Musical Diversions 1

by Luke Muehlhauser on May 29, 2010 in Music

Okay, so this is tooooooootally off-topic, but it’s my blog and I’ll do what I please. If Richard Carrier gets to blog about music, then so do I.

Years ago, I embarked on a quest to listen to every genre of music I could find – from Mozambique folk music to Argentine experimental university music to British avant-jazz to… everything. I then made a list of the Best Rock Albums Ever. These days I don’t listen to much music anymore, but here are a few of my recent first-time listens…

Janelle Monae’s ArchAndroid is as ambitious as pop albums come, effortlessly flowing between catchy riffs on rap, funk, hip-hop, 60′s kitsch, psych rock, dream pop, disco, new wave, 70′s tape experiments, soul, folk, cabaret, neoclassical symphonic overtures, and more. The synthesis achieved is almost invisible, which is to say: perfect. Monae is perfectly at home singing in each genre. You might say she’s “showing off” but, well, isn’t that why we go to see the best of the best perform, rather than the mediocre? ArchAndroid: best mainstream pop album of the past 10 years? Possibly. Oh, and she’s my age. Fuck me.

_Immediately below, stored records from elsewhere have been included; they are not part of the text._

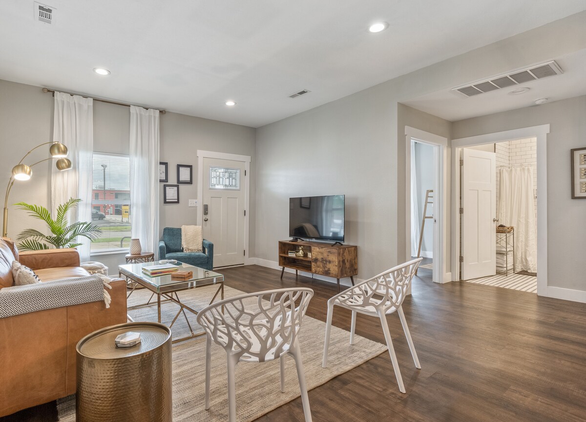 Unwind and refresh in this calm, stylish space. Upscale, minimalist design complete with a pristine chefs kitchen. High end (Cozy Earth) linens throughout, truly a boutique hotel experience with tranquil outdoors spaces! Idyllic mid-town location, nestled into charming Florence Park with mature trees and sidewalks. Easy access to Cherry Street (2 mins), Utica Square (3 mins), Tulsa Fairground and Expo Center (4 mins), Downtown/Art's District (6 mins), and Riverside/Gathering Place (8 mins).
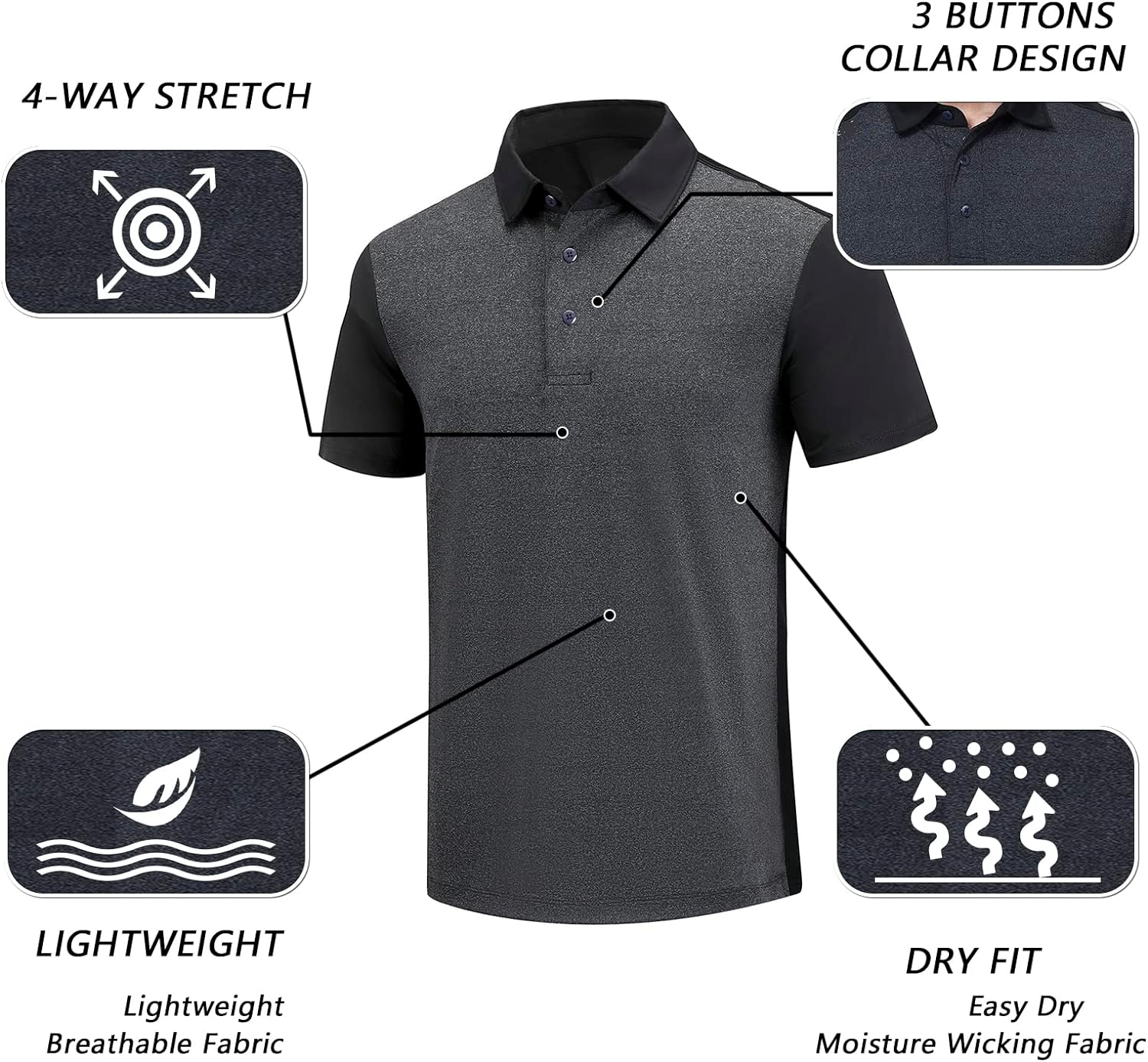 Mens Golf Shirts Dry Fit Short/Long Sleeve Moisture Wicking Athletic T-Shirt for Men Slim Fit Pack
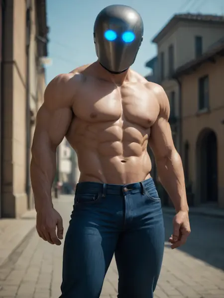 Isaacrobot, blue eyes, helmet, glowing eyes, belt, humanoid robot, boots,
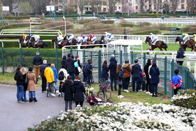 A l'extérieur des grilles, quelques spectateurs suivent les courses.
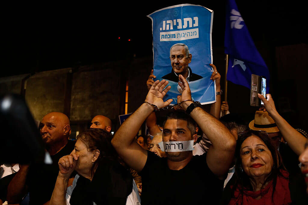 צילום: גדעון מרקוביץ' // תומכי נתניהו ברחבת מוזיאון ת"א
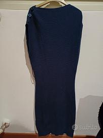 Vestito di media lunghezza, blu, tessuto tipo lana, bottoni sulla spalla sinistra
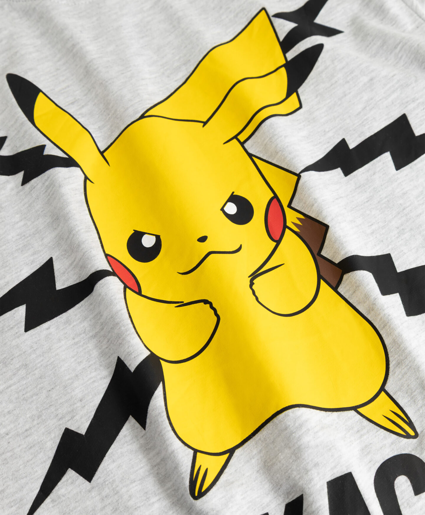 El pijama 100% algodón de Pokémon destaca por su tejido suave y transpirable. La camiseta de manga corta con Pikachu aporta un toque divertido, mientras que el pantalón largo estampado ofrece calidez y libertad de movimiento.
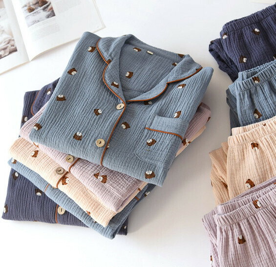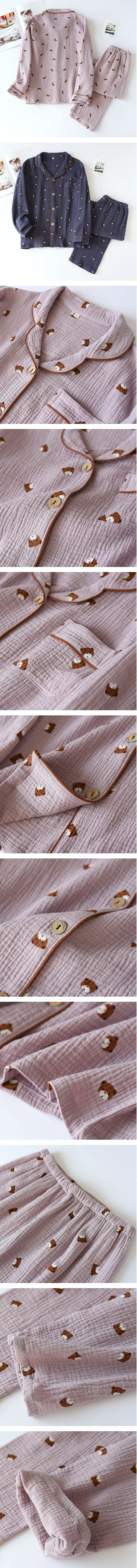 熱賣春夏款長袖棉紗縐布睡衣套裝(LH紫色小熊)【M-XL碼】【下單後聯絡客服確認發貨尺碼】
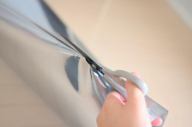 両端に印をつけたらフィルムに折り目をつけ、折り目にそってスーッとハサミを通す方法が楽ちんでおすすめです。

David Lang’s Child is a 5-movement suite (commissioned separately, but envisioned as a whole, and collected on one disc) drawing on his usual influences: minimalism and rock music. “Sweet Air” is my favorite movement, while “Stick Figure” is a throwaway. The piece is more subdued and less rockin’ than my favorite works in this genre, for example Michael Gordon’s Weather and the pieces collected in Bang on a Can’s Renegade Heaven. I have yet to hear the 2008 piece for which Lang won the Pulitzer Prize in music, his Little Match Girl Passion.

Experimental electronic rock music duo Autechre invented new languages of music on Incunabula, Tri Repetae, and Chiastic Slide, and even to a lesser degree on Confield. Their latest, Oversteps, is not a return to greatness, though it is a return to ambience. Major publications like Drowned in Sound and NME are reviewing this one ecstatically, though I suspect they are trying to make up for having missed the profundity of their earlier works. I keep hoping Autechre have one more masterpiece in them, but Oversteps offers no more hope than their previous, Quaristice.

But let’s move on to some good news. After dropping the best album of the last decade in Ys, Joanna Newsom’s three-disc followup, Have One on Me, is superb. It is not as musically ambitious or emotionally flawless as Ys, but it retains all the marks of a master songwriter. Newsom’s progressions are pure joy, and Newsom shows her expressive subtlety in, for example, “Occident,” which repeats a simple riff but shifts imperceptibly from funerial to aggressive to meandering to whimsical, all while maintaining its emotional coherence.

I suppose most people know Nels Cline as the lead guitarist for Wilco, but he has spent most of his career performing experimental and free-jazz guitar pieces. Coward is his first solo overdub album, and while it contains many interesting ideas, they are not focused toward any particular intent or effect. Pitchfork reviewer Marc Masters hits the nail on the head when he writes that much of the album plays “more like exercises in Derek Bailey or John Fahey scholarship than coherent songs.”

Okay, I’ve had my fix for music writing. Now back to your regularly scheduled programming…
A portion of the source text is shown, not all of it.